Robot/CONSOLE eliminates manual monitoring on IBM i.
Our customers love that Robot never calls in sick, takes a vacation, or has a bad day. An ideal employee! Here are six ways Robot/CONSOLE automatically monitors your messaging and resources with system availability issues.
1. Make critical informational messages Response Required.
Robot/CONSOLE can make important messages—e.g., storage threshold exceeded or battery cache expiring—act like inquiry messages, escalating them according to your default message-escalation path for standard inquiry messages needing response. There are two ways to enable Response Required:
- Use the "Response Required" option in the Unconditional Instructions panel within a message set's automation instructions for a specific message (Figure 1).
- Use the RESPOND operation within Operator Assistance Language (OPAL) for a higher level of message automation.
2. Suppress unnecessary messages.
Prevent Robot/CONSOLE from displaying frequent, unimportant informational messages in your Message Center view and message history. The message set shipped with Robot/CONSOLE automatically suppresses many unimportant messages. Robot/CONSOLE offers two ways to suppress informational messages (you cannot suppress inquiry messages).
- Use the Unconditional Instructions panel within a message set. Messages suppressed here don't display in Robot/CONSOLE and aren't recorded in the message history files (Figure 1).
- Use OPAL's SUPPRESS operation within a message set. Suppressed messages aren't displayed on the message center, but a history record is created for further research.
Figure 1: Unconditional Automation Instructions
3. Escalate messages.
Robot/CONSOLE ensures operators are notified of critical events through a variety of message escalation options. Immediate notification of critical events is possible with the following notification features (Figure 2).
- Create pop-up message notification (GUI or green-screen) in the User Notification tab.
- With Robot/ALERT, messages can be sent to a user or list of users via email, text to a cell phone, SMS text message, or SNMP trap to your enterprise monitor server.
- Escalate messages to Robot/NETWORK to consolidate monitoring from all IBM i partitions and virtualized environments into one view, the Robot/NETWORK Explorer.
Figure 2: Escalation Options
Additionally, use message sets and OPAL to customize the handling of specific messages.
- Color-code messages to stand out when viewed in the message center.
- Trigger GUI or green-screen pop-up message notification.
- Conditionally send messages to a Robot/ALERT device, which can send messages to a single user or a list of users via email, text to a cell phone, or SMS text message.
- Send an SNMP trap to your enterprise monitor by using the operation SNDSNMPMSG.
- Redirect messages to the Robot/Network Status Center for centralized message management across multiple systems or partitions.
4. Monitor jobs using Resource Monitoring.
Robot/CONSOLE monitors jobs, subsystems, jobqs, outqs, Websphere MQ, and other system resources for a desired status and takes action if necessary. If a job isn't its expected status, an event is triggered that creates a message, which can automatically run a command to restart the subsystem, end the job, or send notification.

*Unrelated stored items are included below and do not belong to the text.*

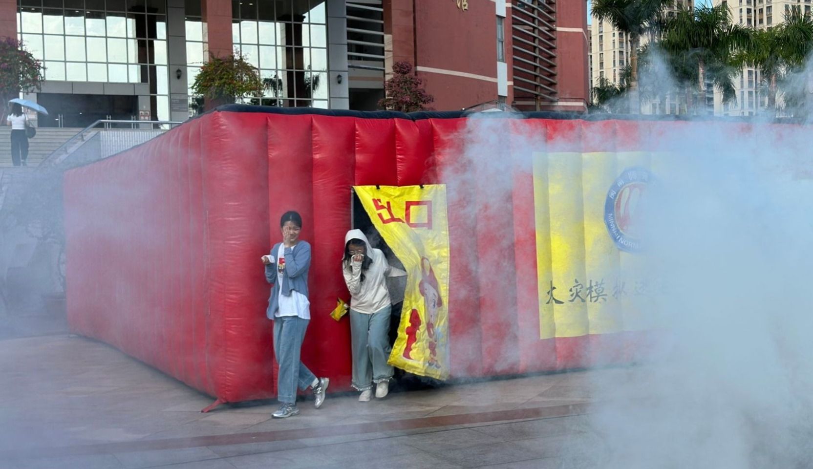 同时,为推动安全理论向实践能力转化,在逸夫图书馆前打造了“消防安全实践区”,以“实战化演练+系统化教学+沉浸式体验”相结合的方式,设置现场教学、消防器材展示、火灾模拟逃生体验屋三大板块,形成“理论讲解—实物认知—实操体验”的完整学习链条。
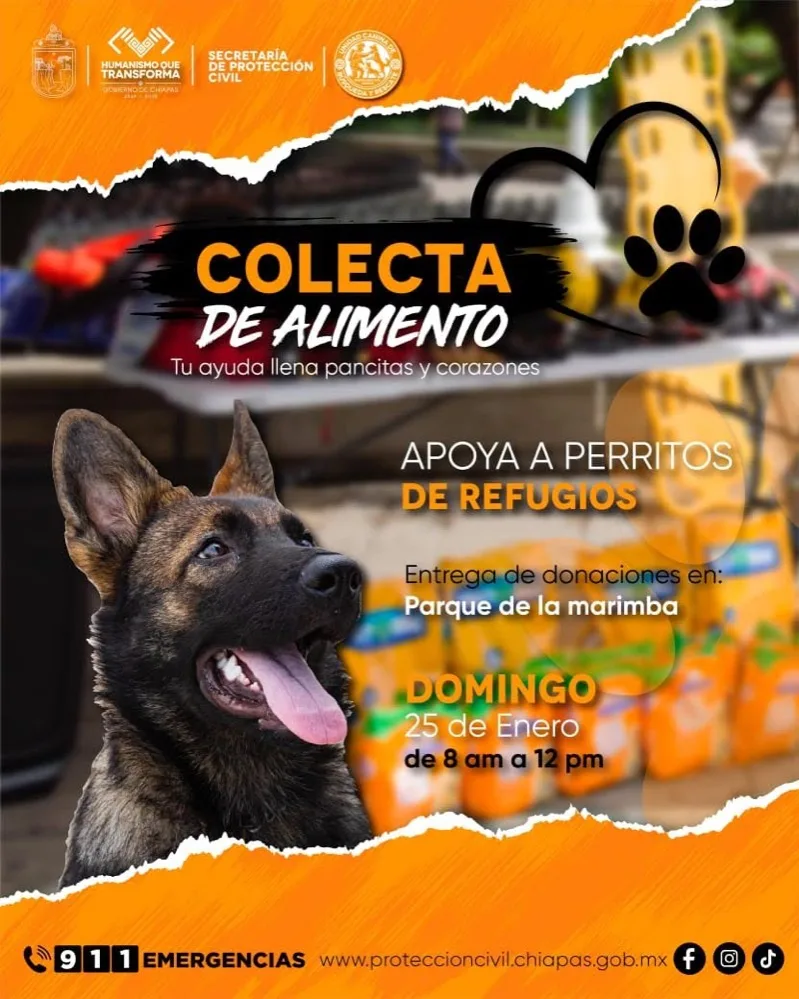 Tuxtla Gutiérrez, Chiapas; 24 de enero de 2026.- La Secretaría de Protección Civil de Chiapas, a través de la Unidad Canina de Búsqueda y Rescate, invita a la población en general a sumarse a la colecta de alimento en beneficio de perritos de refugios.
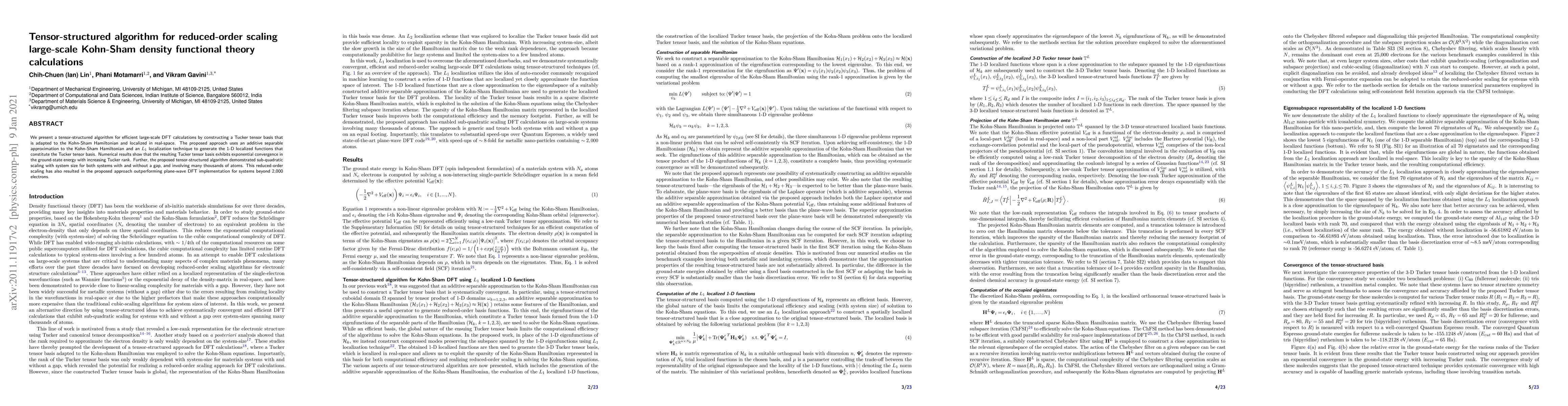 We present a tensor-structured algorithm for efficient large-scale DFT calculations by constructing a Tucker tensor basis that is adapted to the Kohn-Sham Hamiltonian and localized in real-space. The proposed approach uses an additive separable approximation to the Kohn-Sham Hamiltonian and an $L_1$ localization technique to generate the 1-D localized functions that constitute the Tucker tensor basis. Numerical results show that the resulting Tucker tensor basis exhibits exponential convergence in the ground-state energy with increasing Tucker rank. Further, the proposed tensor-structured algorithm demonstrated sub-quadratic scaling with system size for both systems with and without a gap, and involving many thousands of atoms. This reduced-order scaling has also resulted in the proposed approach outperforming plane-wave DFT implementation for systems beyond 2,000 electrons.
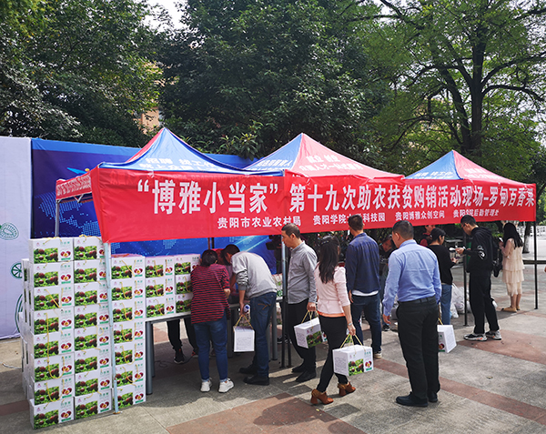 2019年9月22日,“博雅小当家”第十九次助农扶贫购销活动现场—罗甸百香果在贵阳学院图书馆广场进行,此次活动由贵阳市农业农村局、贵阳学院大学科技园、贵阳学院食品与制药工程学院、贵阳雅博众创空间、贵阳学院后勤管理处共同组织开展。
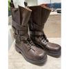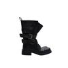 Британский стиль ретро черные средней длины рыцарские ботинки женские 2025 весна и лето новые мягкая кожа толстый каблук пряжка ремня ботинки-локомотивы
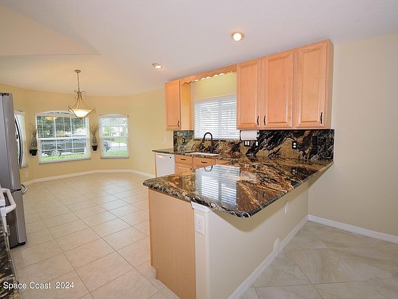 Discover West Viera's premiere 55+ gated community, HERITAGE ISLE. This home is move-in ready with a bright & open floor plan. The spacious kitchen offers bay windows, eat in kitchen, ample counter space, and large pantry. It has matching granite counters in the kitchen and both bathrooms along with new carpet in all three bedrooms. A newer roof 2018, A/C 2022, hot water heater 2023, and an epoxy garage floor. Master bathroom features large walk-in shower with double sink vanities. 2nd bathroom features single sink vanity, full bathroom with tub. It has accordion hurricane shutters along with several impact windows, You will have peace of mind knowing that the original owners have a home warranty that extends through February 2026 and will transfer at no cost to the new owners. It is on a premium 74' lot with beautiful landscaping. This community offers exterior maintenance of the house (painting every 7 years) & lawn service. The 21,000 sq. ft. clubhouse (the largest in Brevard County) offers something for everyone. From outside activities including tennis, bocce, shuffleboard, pickleball to state-of-the art workout facility, to inside activities including exercise classes, yoga, line dancing, card games, bingo etc. You can have drinks, lunch or dinner at the Isle Bar & Grill. Living in Heritage Isle is a senior's dream come true.
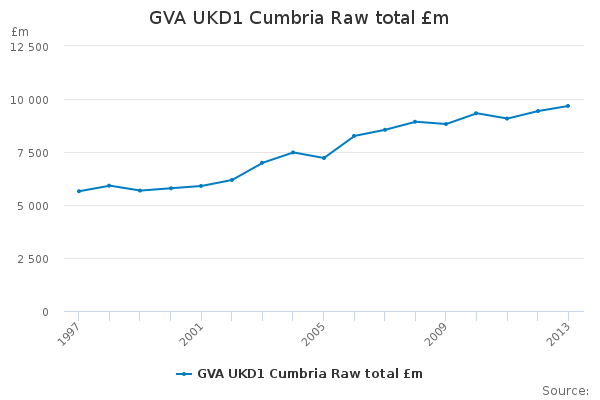Download this time seriesGVA UKD1 Cumbria Raw total £m
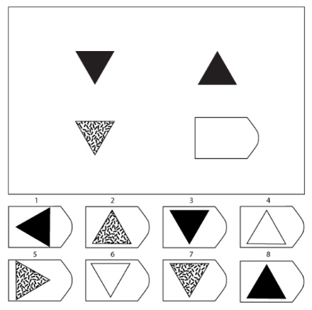 13. La 2 es la correcta. Nótese que los triángulos de la izquierda apuntan hacia abajo. Los de la derecha apuntarán hacia arriba, siguiendo el patrón de formas internas del triángulo.
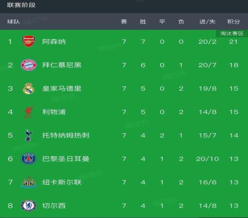 第七輪結(jié)束時(shí),已經(jīng)確定提前出線的阿森納和拜仁排名前二,皇馬和利物浦同積15分排名第三、第四,托特納姆熱刺14分第五,而巴黎、紐卡和切爾西同積13分排名六至八名。
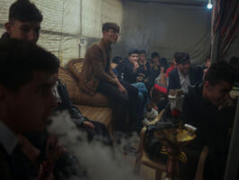 IRAQ. Dohuk. 2019. -- Boys and young men have lots of time to think and little to do at the camps around Dohuk, where some of the roughly 250,000 Yezidis have been displaced from their homes, afraid to go back. February 2019
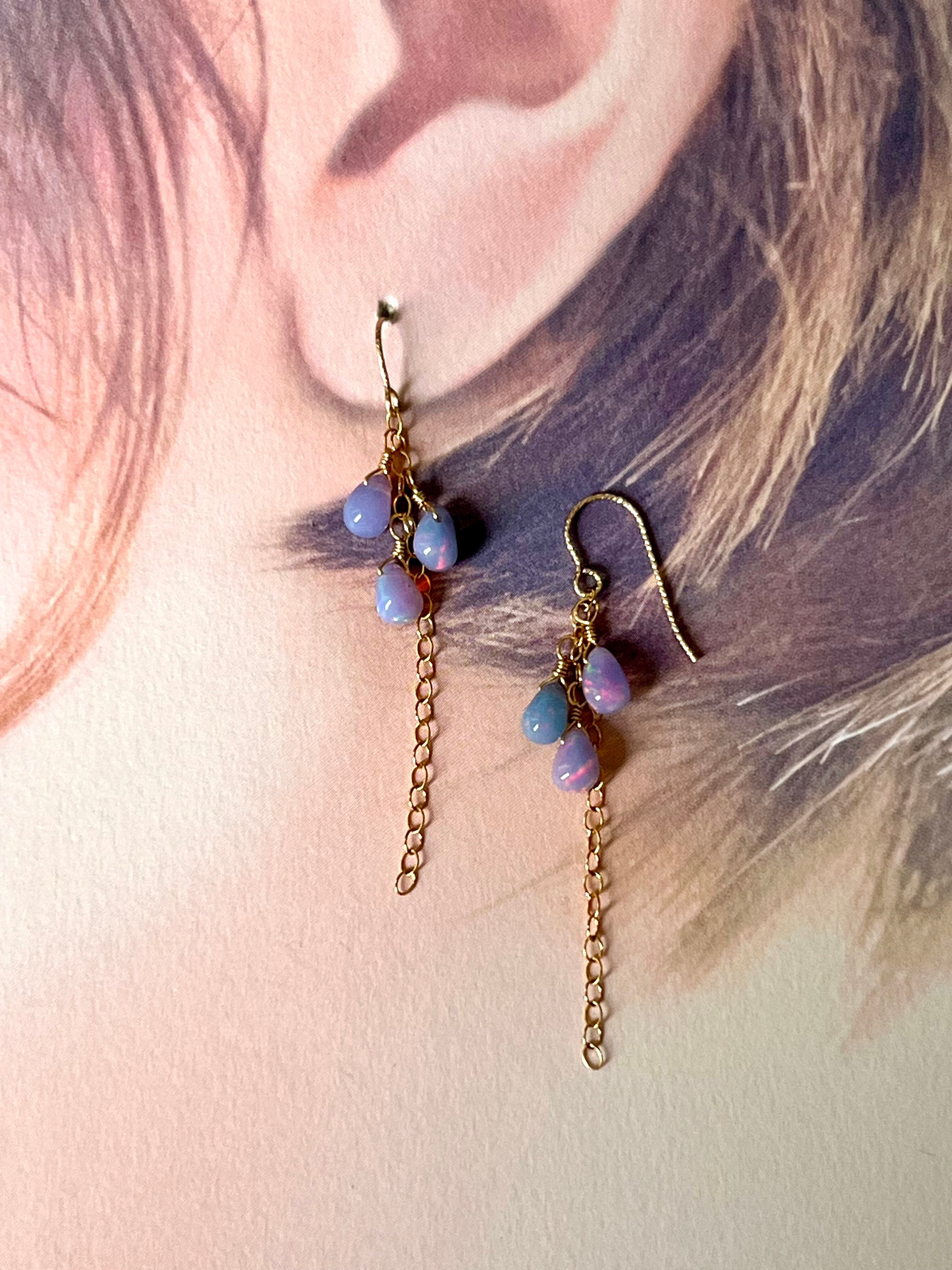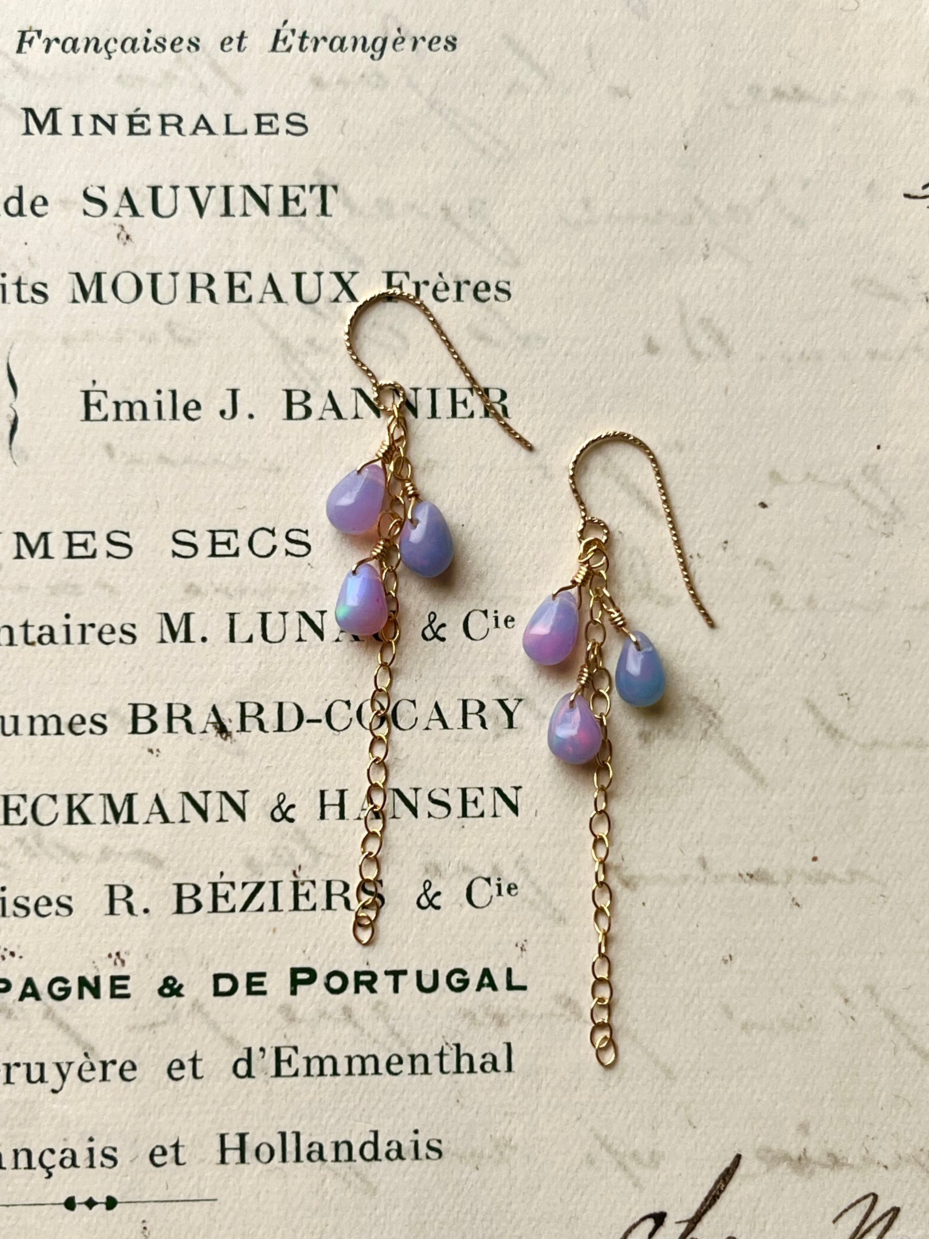 ぷるんとした見た目のティアドロップが可愛い、ゆめかわパステルカラーのブルーパープルオパールのピアスです。
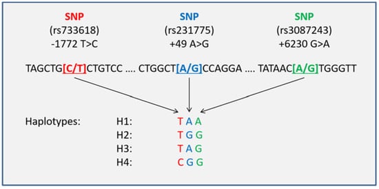 All patients were successfully genotyped, and the relevant haplotypes were inferred. The CTLA-4 rs733618 and rs3087243 genotype distributions were 4:90:550 (CC:CT:TT) and 142:305:197 (AA:AG:GG), with observed minor allele frequencies (MAFs) of 0.08 and 0.47, respectively. The observed frequencies were consistent with the Hardy–Weinberg equilibrium (χ2 test p = 0.8789 and p = 0.2448) and almost equaled the reported MAFs from reference populations, such as HapMap CEPH (CEU) with MAFs of 0.06 and 0.46 respectively (dbSNP database, accession numbers ss79540 [34] and ss44315036 [35]). The CTLA-4 haplotype analysis compound of the rs733618, rs231775, and rs3087243 SNPs revealed four common haplotypes (H1: TAA, H2: TGG, H3: TAG, and H4: CGG) (Figure 1).
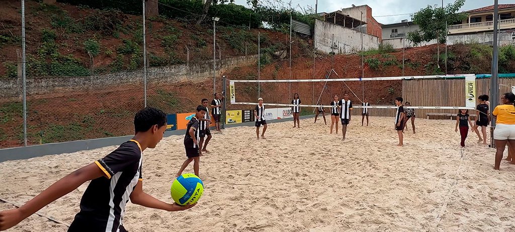 Alunos do projeto Escola do Futuro participaram de atividades como jogos de areia, vôlei de praia, beach tennis e futevôlei. A programação buscou afastar o tédio das férias escolares e estimular integração, lazer e movimento.
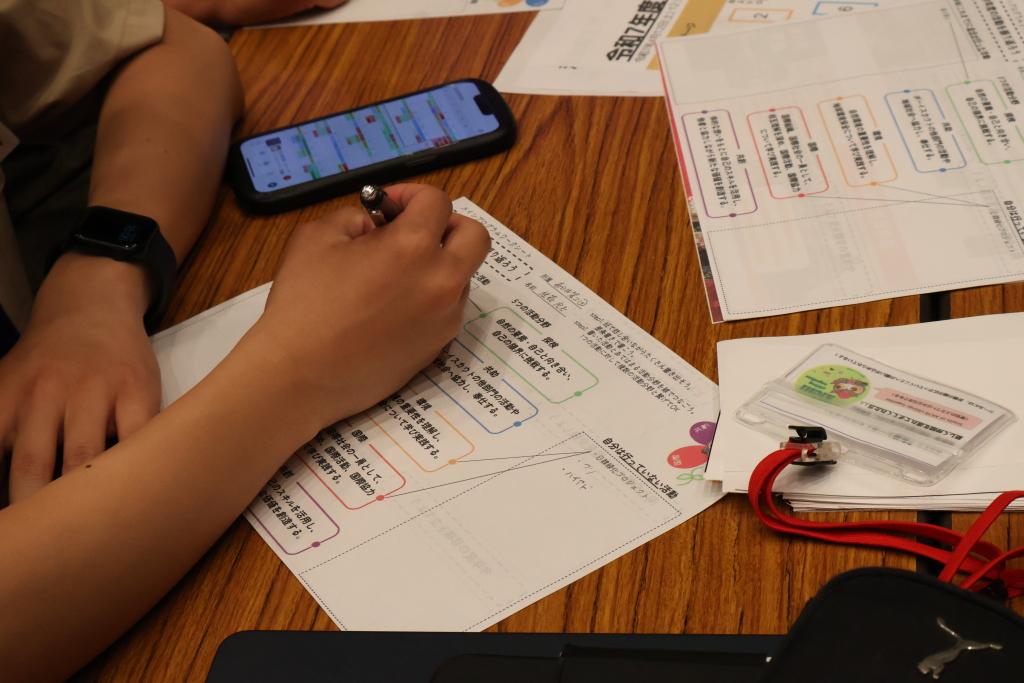 また、今回立てた活動目標を忘れないようにするため、スマホケースに入れられるサイズの紙に目標を記入しました。早速スマホケースに入れている人もいました!

For example, if an important job must always be active, fill in the job name, priority (frequency to check), and expected status of ACTIVE. If Robot/CONSOLE checks the job and it's not ACTIVE, a message is generated internally that can further be processed by a message set (Figure 3).
Figure 3: Resource Monitoring
Robot/CONSOLE can check resource status three ways:
- Set the Priority when defining the Resource Properties panel above. You can change settings, but by default, priority 1 resources are checked every five minutes. Priority 4 resources are checked each hour.
- Schedule the command RBTCONLIB/RBCCHKRSC to run at specific times.
- Manually check resources status from the Robot/CONSOLE GUI interface by opening the Resource Monitor Status window and right-clicking on the job (Figure 4).
Figure 4: Resource Monitoring Status Screen (Auto-Refreshing)
5. Build your "tribal knowledge" into message replies.
Every organization has tribal knowledge of how to answer messages. Even if it's documented, build it into OPAL in a message set to automate responses. OPAL provides an almost limitless ability to conditionally respond to messages, depending on where they came from, how often they occurred, and the current system condition. Check file names, job names, message variables, day of week, or simply scan the entire message text for critical information (Figure 6).
Figure 5: OPAL Automation
Robot/CONSOLE's message history allows you to research trends to find commonly occurring messages, which should be automation targets. Purge the Robot/CONSOLE history using the RBCDLTHST command. Create and schedule reports automatically with Robot/SCHEDULE (Figure 6).
Figure 6: Message History Report
Robot/CONSOLE performs automatically, giving you a consolidated location for critical messages from all your important message queues.